=== ACTIVITY ===
Pictures stay out of this copy, which runs from the first line of the material through the line containing "Las últimas cifras".

=== GIVEN MATERIAL ===
....

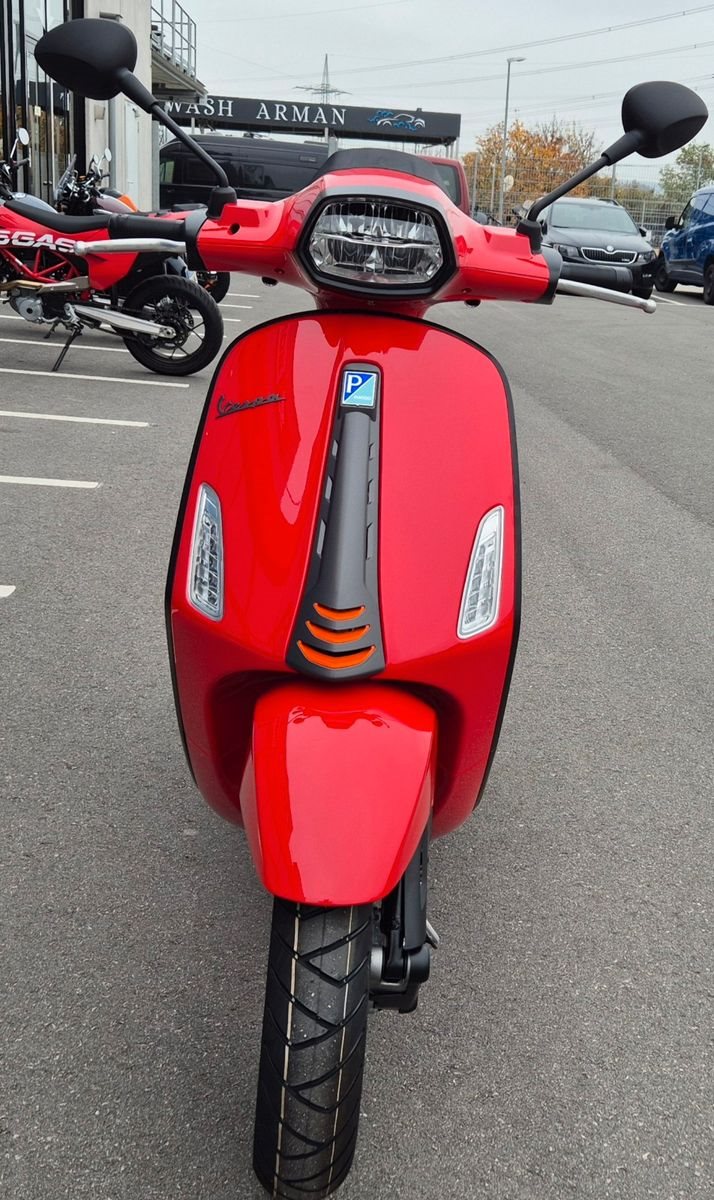 Ein faszinierender LookDie Vespa S Sprint verkörpert den unverwechselbaren Charakter der Generationen von Vespa Sportmodellen, die in jedem Umfeld einen Hauch von Dynamik versprühen. Ihr sportlicher Look wird durch kontrastierende Grafiken unterstrichen, während schwarze Details wie der rechteckige Rahmen um den Scheinwerfer und die neu designten 6-Speichen-Aluminiumfelgen für eine raffinierte Note sorgen.
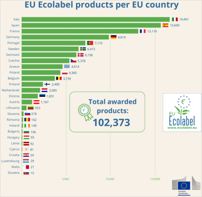 Las últimas cifras de productos y licencias certificadas por la etiqueta ecológica de la UE muestran una tendencia al alza constante en toda Europa, con Italia (16%), España (15%), Francia (13%) y Alemania (10%) a la cabeza.
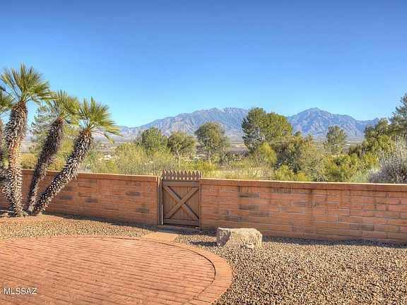 Sitting on a cul de sac overlooking the Santa Rita Mountains, this premium lot will command your attention from the moment you arrive! Backing up to the Desert Hills golf course, this home features unparalleled views of the Santa Rita mountains with no rooftops or homes behind you to interfere with the spectacular beauty beyond! An arched entry leads to the charming front courtyard. Step inside to the wide open living room where large sliders bring the mountain views deep into the interior! A magnificent beehive fireplace anchors and warms the room. The beautifully paved back patio is surely where you will spend most of your time, creating memories with family and friends on warm desert evenings while enjoying the privacy and views. The dining area is adjacent to the living area so guests can continue to enjoy the glowing fireplace and mountains. The recently updated kitchen boasts luxurious maple cabinets and white quartz counters accented with white plantation shutters. A sun drenched breakfast area looks out into the front courtyard and offers an optional dining area for more intimate meals. The large den is open to the living area, or can be closed off when guests arrive. Your primary suite is perfect with a huge walk-in closet, new cabinetry and beautiful walk-in shower with rain glass front. Wake up to mountain views framed by the sliders leading to the patio! A guest suite is down the hallway and has its own private courtyard. If privacy, views and space are on the top of your wish list, this is surely the home you have been looking for!
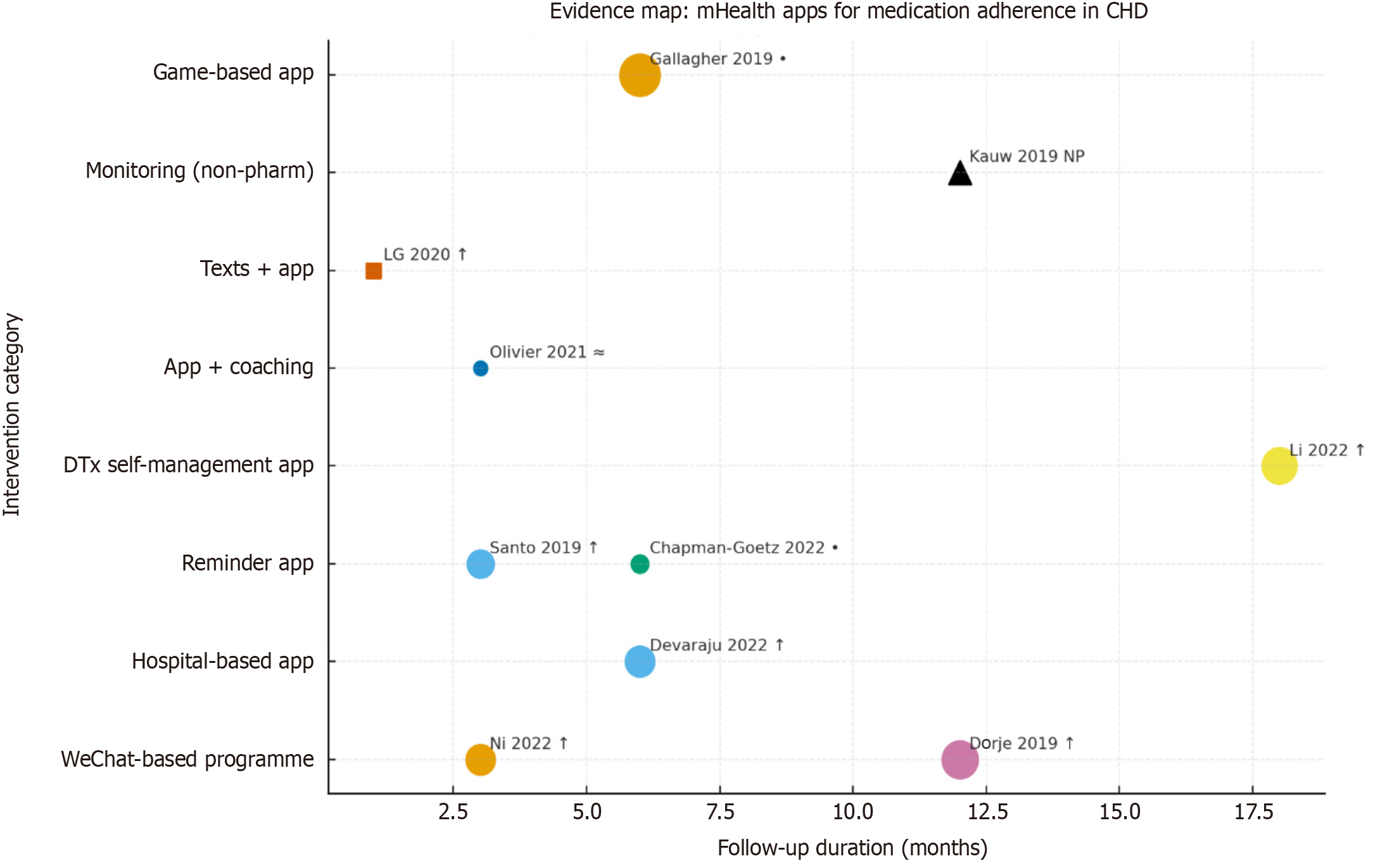 Follow-up on X-axis, intervention category on Y-axis; bubble size represents total sample; shape represents design; annotation represents author-year + outcome. CHD: Congenital heart disease; DTx: Digital therapeutics; mHealth: Mobile health.

....

=== COMPLETED TASK ===
 Ein faszinierender LookDie Vespa S Sprint verkörpert den unverwechselbaren Charakter der Generationen von Vespa Sportmodellen, die in jedem Umfeld einen Hauch von Dynamik versprühen. Ihr sportlicher Look wird durch kontrastierende Grafiken unterstrichen, während schwarze Details wie der rechteckige Rahmen um den Scheinwerfer und die neu designten 6-Speichen-Aluminiumfelgen für eine raffinierte Note sorgen.
 Las últimas cifras de productos y licencias certificadas por la etiqueta ecológica de la UE muestran una tendencia al alza constante en toda Europa, con Italia (16%), España (15%), Francia (13%) y Alemania (10%) a la cabeza.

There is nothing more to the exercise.